Is this right or missing something?

 

[electricpete]

I withdraw the question at beginning of previous post. It was a moment of stupidness.

Assuming the drawing is correct:
- Normal operation with TripContact open the aux relay is deenergized since current is limited.
- When TripContact closes the aux relay picks up.
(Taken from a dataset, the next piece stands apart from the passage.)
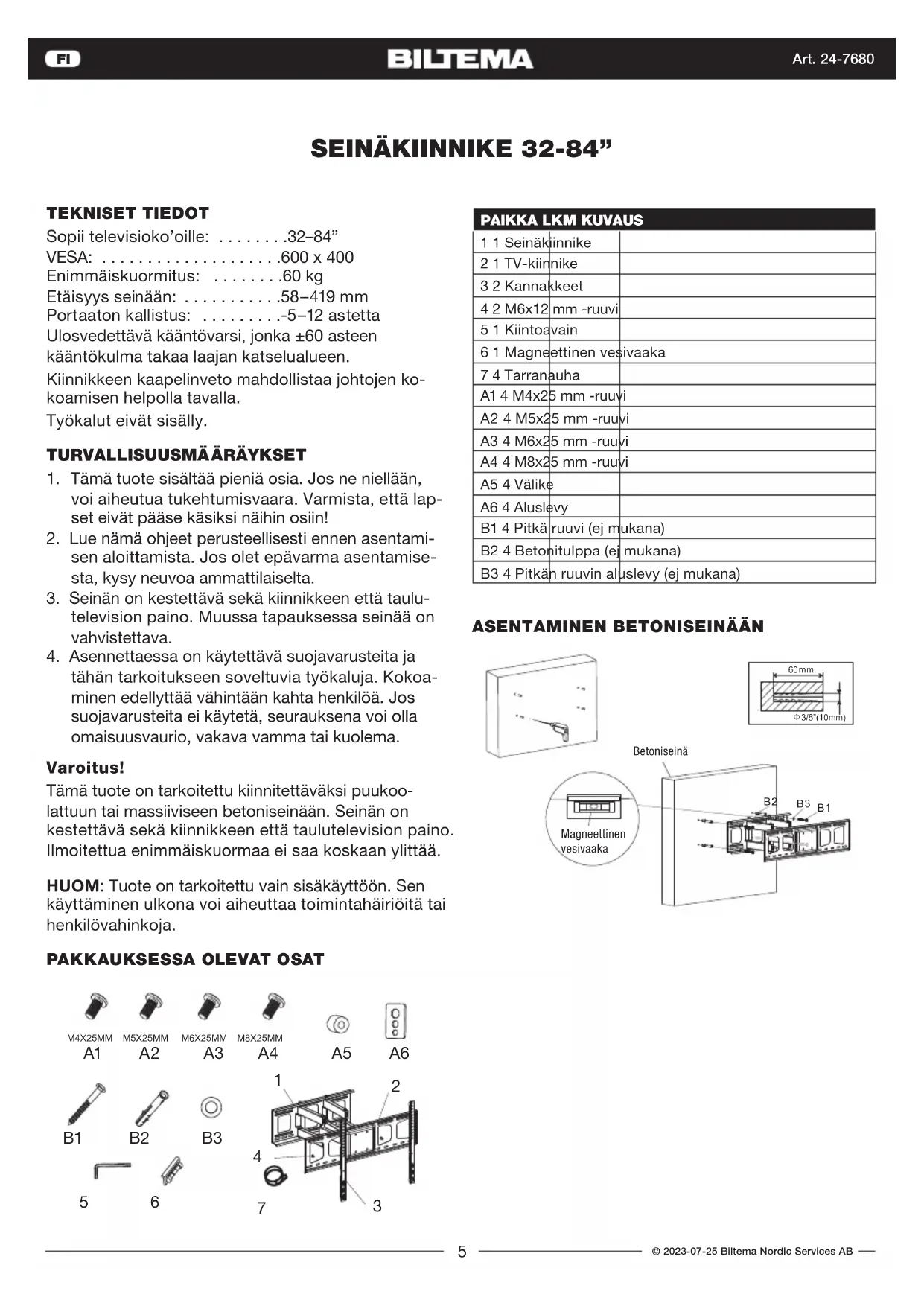 A1-A4 -5~12° ±3°TVB3B1 VAROITUS! Mikäli TV:n VESA-reikä on litteä, käytä lyhyitä ruuveja (ei sisälly). Seinän välituki Magneettinen vesivaakaAluslevySuuri reikä M8-ruuveille Pieni reikä M4-ruuveilleKeskisuuri reikä M5- ja M6-ruuveilleAluslevySuuri reikä M8-ruuveille Pieni reikä M4-ruuveilleKeskisuuri reikä M5- ja M6-ruuveilleM6x12 mm-ruuviTarranauhaKaapeli5x5 KiintoavainKannakkeetSeinäTV-kiinnikeArt. 24-7680

My proposed fix as mentioned is to increase resistance.
I don't understand why BJC suggests there is a miswiring.

 

[JatTiw]

I will re-write the whole question:
+ VE
---------------
| |
RL Trip Contact
| |
LAMP |
| |
-------
| |
Bkr NO |
Contact |
| |
TC Aux.Relay
| |
--------------- -VE



RL-Resistance 2000 ohm
Lamp- Indication Lamp
TC - Trip Coil
Aux. Relay- Orignal relay has 4.5W & new relay has 7.8W coil
(Trip & Aux. relay rated for 120 V DC)

The problem is as Under:

Under Normal conditions the indication lamp is ON (Shows bkr trip circuit is healthy) & aux. Relay & trip relay will not pick-up. In case of fault the trip contact (from protective relay) will provide 125 V DC & the trip relay & aux. Relay will pick-up. The problem is after replacing Aux. Relay with new relay, the new aux. relay is picking-up under normal condition (without trip signal).
I feel to pick-up a relay, a potential difference is required (Which should be rated voltage) & this will cause flow of current. With the circuit I had the 2000-ohm resistor is giving me sufficent voltage drop that the relay should not pick-up. But actually it is picking-up.
I could not understand why it is picking up?

 

[electricpete]

Looks like the same diagram. It still sounds like you need to increase the series resistance to get this relay to work as desired (or go back to the original coil style). What other choice do you have?

With some very simple measurements you can determine the coil pickup current (or voltage), confirm the coil resistance and other component resistances, and select resistance accordingly. Or take a shot in the dark and add another 2000ohm resistor in series and see if it works.